I make an extract with alcohol.  It is the best thing for stomachache.  I tried to cover fresh mint with vinegar to use as fabric softener but it had not infuse so well.  Then I dry some for the tea, my grandchild is a bit too young for my extracts,  Must be 12.  Dehydrator is a good idea


----------



## Susie (Oct 20, 2015)

My favorite mint is what we call "yard mint".  I got a piece from my ex MIL.  It is not peppermint, spearmint, or any other known species, but it has a good strong mint flavor that holds well in most uses.  I just transplanted a whole pot to a raised flowerbed.  It should have it covered before long.


----------



## Arimara (Oct 20, 2015)

Susie said:


> My favorite mint is what we call "yard mint".  I got a piece from my ex MIL.  It is not peppermint, spearmint, or any other known species, but it has a good strong mint flavor that holds well in most uses.  I just transplanted a whole pot to a raised flowerbed.  It should have it covered before long.



I know what you mean. I think that's the mint that grows in the back yard. It's mighty strong and makes great mojitos, even with rum.


----------



## Susie (Oct 20, 2015)

And once it gets started in a patch of ground, it is almost impossible to kill.


----------



## Arimara (Oct 20, 2015)

That's plenty of herbs for you: aggressive.


----------



## coffeetime (Oct 20, 2015)

Obsidian said:


> Any of you grow chocolate mint? It's not actually chocolate flavored but its the best mint I've tried. I have peppermint, spearmint, orange mint, ginger mint and chocolate mint. The orange and ginger isn't fit to eat.

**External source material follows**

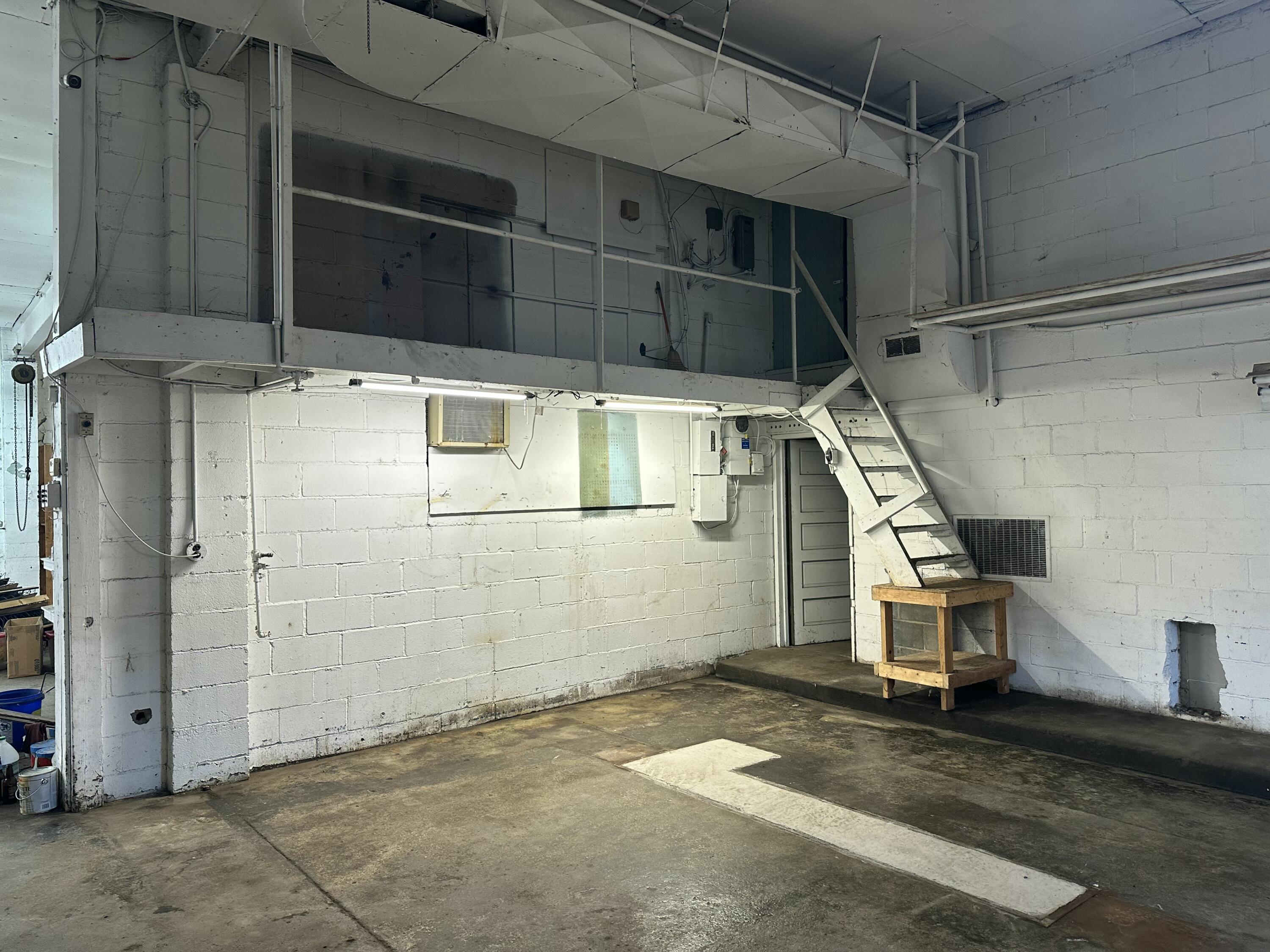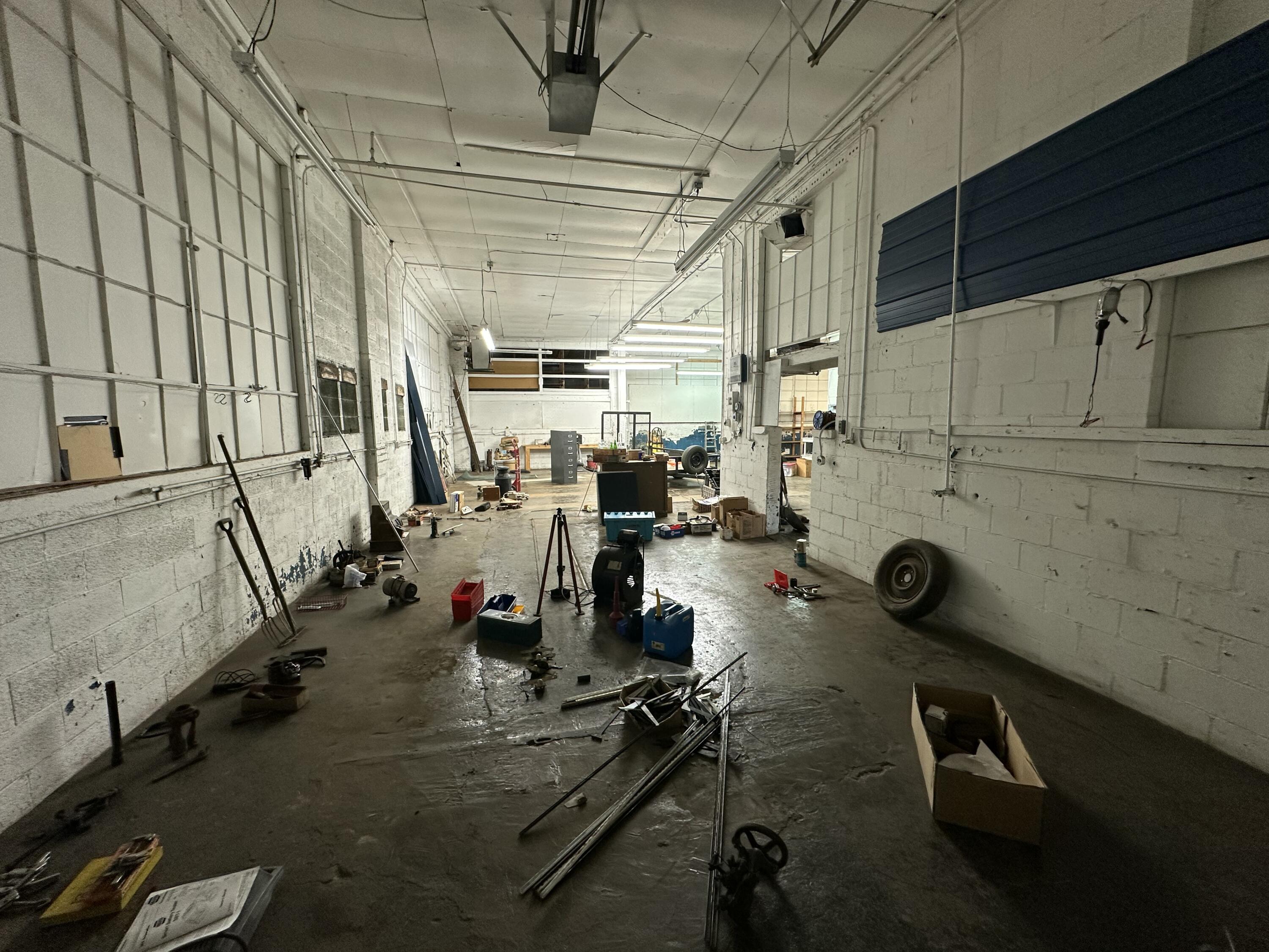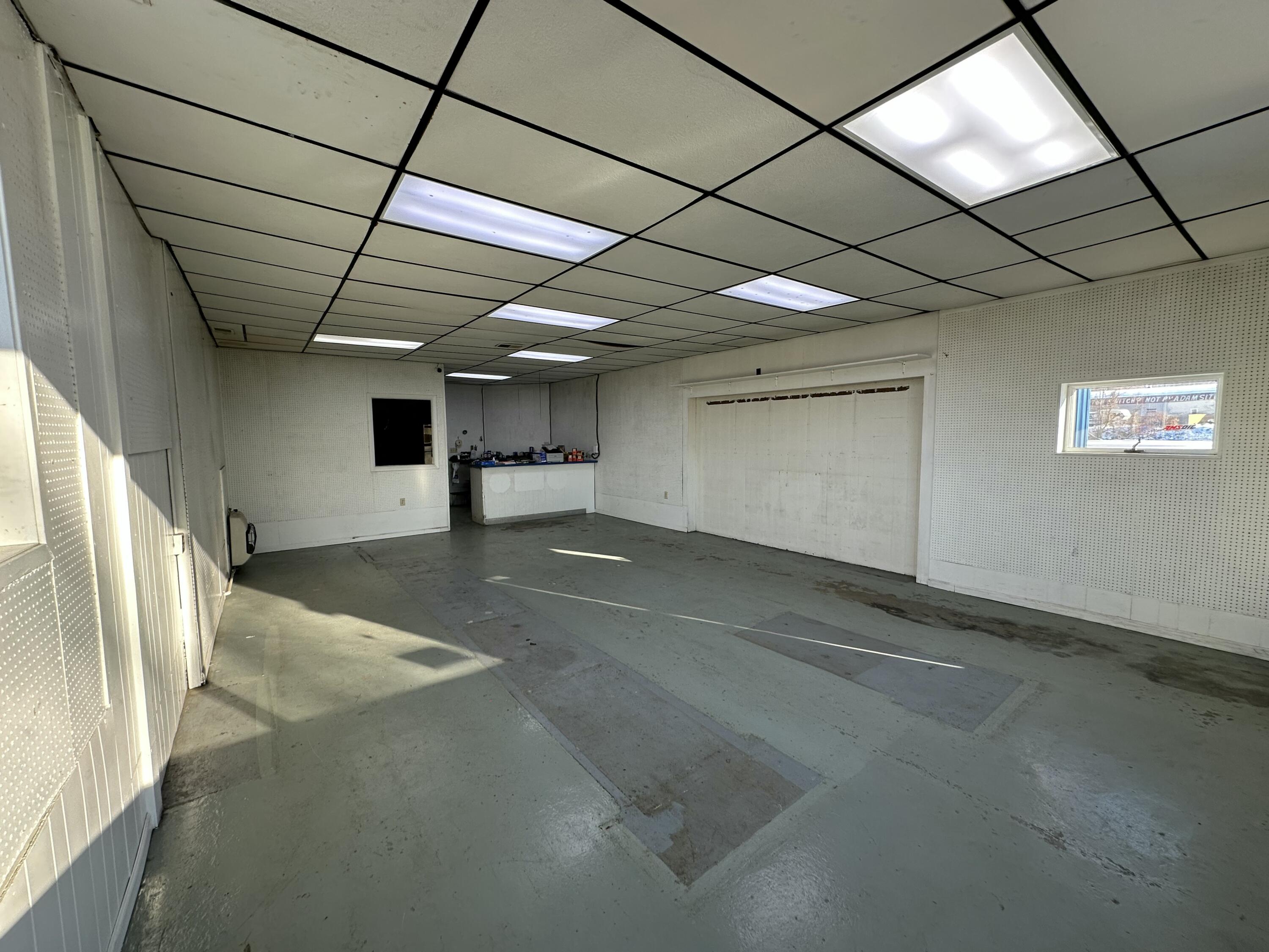 Commercial building with high ceilings and overhead doors for sale.

I do! And I agree, it's the cleanest, truest mint flavour. I dehydrate it for tea.


----------



## MrsSpaceship (Oct 20, 2015)

Iced milk. 
I lived in farming country when I was young, and all the fields were watered via flood irrigation, so there were ditches everywhere.  On cool nights, the smell of mint would waft from their banks.  
My aunt would gather bundles of it and muddle and steep it in the fresh milk, remove the mint, then place it in the freezer until it started to crystallize.  She'd then take it out, stir and repeat until completely slushy. 
Brought out in tall frosted glasses, it was ambrosia after a hot day working in the fields.


----------



## Arimara (Oct 21, 2015)

MrsSpaceship said:


> Iced milk.
> I lived in farming country when I was young, and all the fields were watered via flood irrigation, so there were ditches everywhere.  On cool nights, the smell of mint would waft from their banks.
> My aunt would gather bundles of it and muddle and steep it in the fresh milk, remove the mint, then place it in the freezer until it started to crystallize.  She'd then take it out, stir and repeat until completely slushy.
> Brought out in tall frosted glasses, it was ambrosia after a hot day working in the fields.



Sounds tasty.


----------



## soaring1 (Jan 14, 2016)

I make a herbal infusion with distilled water for my herbal soap of dried chocolate mint, calendula, lavender, rose petals, chamomile, plaintan and violet leaves. I pour boiling water over the leaves, cover and let sit overnight, strain out and it is good to go for my batch of soap. If  I have excess I freeze in bags for future use. I love the soap. Scented with a little bit of Tea Tree, Lavender and Spearmint Essential oil, I may do a swirl with spirulina or ground spinach or leave the soap a solid color with the two.


----------